Personal information
- Full name: Ebor Reed
- Date of birth: 30 November 1899
- Place of birth: Spennymoor, England
- Date of death: 1971 (aged 71–72)
- Place of death: Durham, England
- Height: 5 ft 9 in (1.75 m)
- Position(s): Defender

Senior career*
- Years: Team / Apps / (Gls)
- 1922–1925: Newcastle United / 0 / (0)
- 1925–1926: Cardiff City / 6 / (0)
- 1926–1927: Nottingham Forest / 5 / (0)
- 1927–1929: Rotherham United / 60 / (0)
- 1929–1930: Derry City
- 1930–1932: Dundalk / 43 / (1)
- Portadown

= Ebor Reed =

English footballer

Ebor Reed (30 November 1899 – 1971) was an English professional footballer who played as a defender. He played in the Football League for Cardiff City, Nottingham Forest and Rotherham United before playing for several teams in Ireland.

==Career==
Born in Spennymoor, Reed began his career with Newcastle United in 1922. However, he struggled to break into the first team and left the club in 1925 without making a senior appearance. He instead joined Cardiff City where he made his professional debut in the Football League First Division, making six appearances during the 1925–26 season. He left the club at the end of the season and spent a similar one season spell with Nottingham Forest.

In 1927, he joined Third Division North side Rotherham United where he spent two seasons as a first team regular and made over 60 appearances in all competitions. He joined Derry City in 1929 ahead of their first season in the Irish League, scoring six times from the penalty spot during the season. However, at the end of his first season with Derry, he was unable to agree terms with the club for a second season after they refused his request of £5 per week in wages and a £50 signing fee.

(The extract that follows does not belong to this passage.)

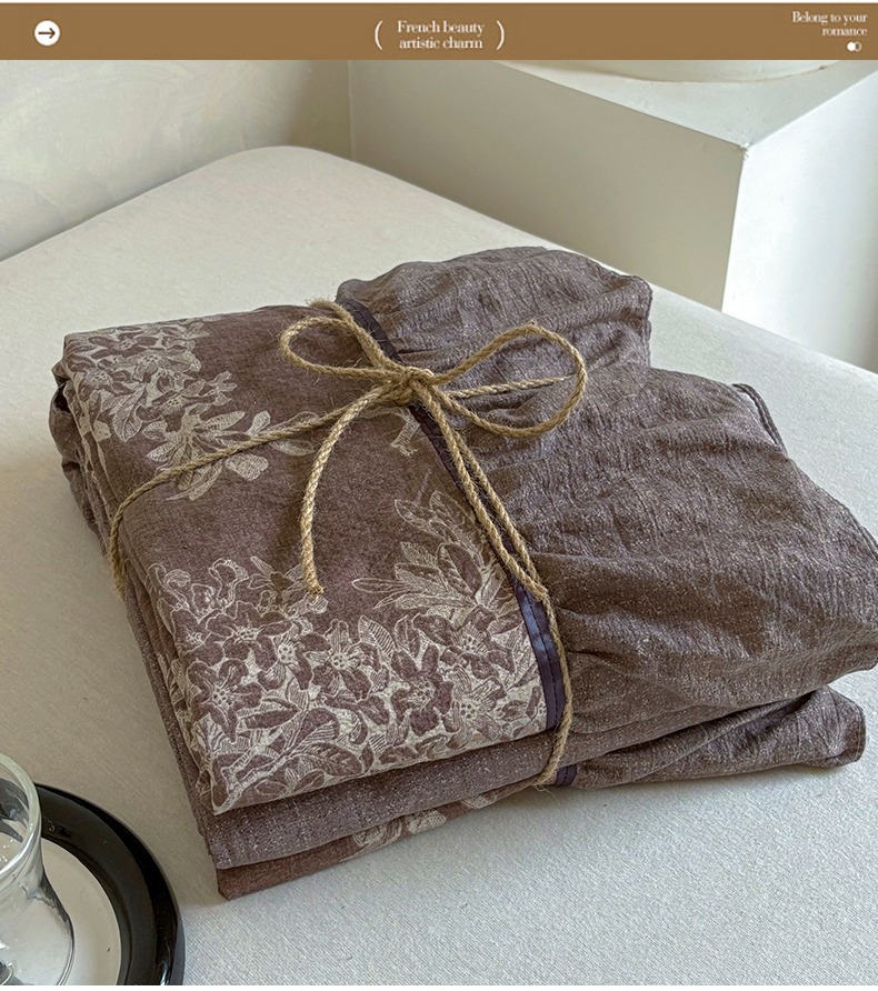 当前位置: 91家纺网 > 商品网购 > 床品套件 > 四件套 > 其它四件套 > 春光里 2025新款高克重亚麻皱皱纱四件套 暮色

He instead moved to Dundalk, helping the club finish as runner-up in the league and reach the final of the FAI Cup in his first season. The arrival of Albert Harrison the following season saw Reed move to an unfamiliar role at wing half. He played in the club's 7–3 victory over Shamrock Rovers in the final of the LFA President's Cup in September 1931 but the club's struggles in the league, coupled with financial difficulties, led to Reed and several other players being released at the end of the season. He later played for Portadown.